= Expanded memory =

System of bank switching in DOS memory management

Several expanded-memory pages are bank-switched in the page frame, part of the upper memory area.

In DOS memory management, expanded memory is a system of bank switching that provided additional memory to DOS programs beyond the limit of conventional memory (640 KiB).

Expanded memory is an umbrella term for several incompatible technology variants. The most widely used variant was the Expanded Memory Specification (EMS), which was developed jointly by Lotus Development, Intel, and Microsoft, so that this specification was sometimes referred to as "LIM EMS". LIM EMS had three versions: 3.0, 3.2, and 4.0. The first widely implemented version was EMS 3.2, which supported up to 8 MiB of expanded memory and uses parts of the address space normally dedicated to communication with peripherals (upper memory) to map portions of the expanded memory. EEMS, an expanded-memory management standard competing with LIM EMS 3.x, was developed by AST Research, Quadram and Ashton-Tate ("AQA"); it could map any area of the lower 1 MiB. EEMS ultimately was incorporated in LIM EMS 4.0, which supported up to 32 MiB of expanded memory and provided some support for DOS multitasking as well. IBM, however, created its own expanded-memory standard called XMA.
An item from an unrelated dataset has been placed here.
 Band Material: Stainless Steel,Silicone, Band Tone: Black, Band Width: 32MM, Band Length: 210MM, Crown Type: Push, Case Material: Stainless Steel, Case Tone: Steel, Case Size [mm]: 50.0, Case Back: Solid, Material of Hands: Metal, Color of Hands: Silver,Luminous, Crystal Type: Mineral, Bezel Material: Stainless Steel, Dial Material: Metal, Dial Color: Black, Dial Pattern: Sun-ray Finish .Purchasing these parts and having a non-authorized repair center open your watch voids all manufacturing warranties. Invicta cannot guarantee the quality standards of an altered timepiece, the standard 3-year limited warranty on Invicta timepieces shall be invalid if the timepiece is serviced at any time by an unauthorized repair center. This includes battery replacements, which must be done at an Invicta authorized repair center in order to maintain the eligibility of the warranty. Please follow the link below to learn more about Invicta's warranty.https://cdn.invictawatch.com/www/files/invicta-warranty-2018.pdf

The use of expanded memory became common with games and business programs such as Lotus 1-2-3 in the late 1980s through the mid-1990s, but its use declined as users switched from DOS to protected-mode operating systems such as Linux, IBM OS/2, and Microsoft Windows.

==Background==

A section of the lower 1 MiB address space provides a "window" into several megabytes of Expanded Memory

The 8088 processor of the IBM PC and IBM PC/XT can address one megabyte (MiB, or 2^{20} bytes) of memory. It inherited this limit from the 20-bit external address bus (and overall memory addressing architecture) of the Intel 8086. The designers of the PC allocated the lower 640 KiB (655360 bytes) of address space for read-write program memory (RAM), called conventional memory, and the remaining 384 KiB of memory space is reserved for uses such as the system BIOS, video memory, and memory on expansion peripheral boards.
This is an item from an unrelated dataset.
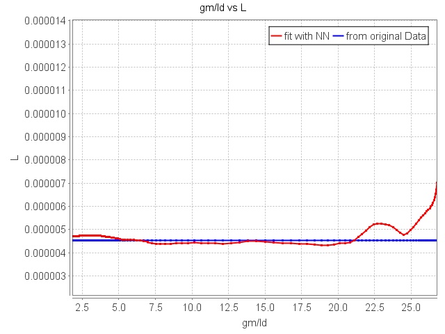 The SimulationToChart example parses data from a .raw file given directly from a transistor simulation from spectre. It then transforms the output columns of the data to the desired four columns (gm/id, fug, L, id/w) and trains a network based upon the transformed data. The trained network is then saved and loaded again to be used to analyze the achieved fit on the input data.

Even though the IBM PC AT, introduced in 1984, uses the 80286 chip that can address up to 16 MiB of RAM as extended memory, it can only do so in protected mode. The scarcity of software compatible with protected mode (no standard DOS applications can run in it) meant that the market was still open for another solution.

To make more memory accessible, a bank switching scheme was devised, where only selected parts of the additional memory is accessible at any given time. Originally, a single 64 KiB (2^{16} bytes) window of memory, called a page frame, was used; later this was made more flexible. Programs are written in a specific way to access expanded memory. The window between conventional memory and expanded memory can be adjusted to access different locations within the expanded memory.

A first attempt to use a bank switching technique was made by Tall Tree Systems with its JRAM boards, but these did not catch on. (Tall Tree Systems later made EMS-based boards using the same JRAM brand.)

==Expanded Memory Specification (EMS)==
Lotus Development, Intel, and Microsoft cooperated to develop the EMS standard (aka LIM EMS). The first publicly available version of EMS, version 3.0 allows access of up to 4 MiB of expanded memory. This was increased to 8 MiB with version 3.2 of the specification. The final version of EMS, version 4.0 increased the maximum amount of expanded memory to 32 MiB and supports additional functionality.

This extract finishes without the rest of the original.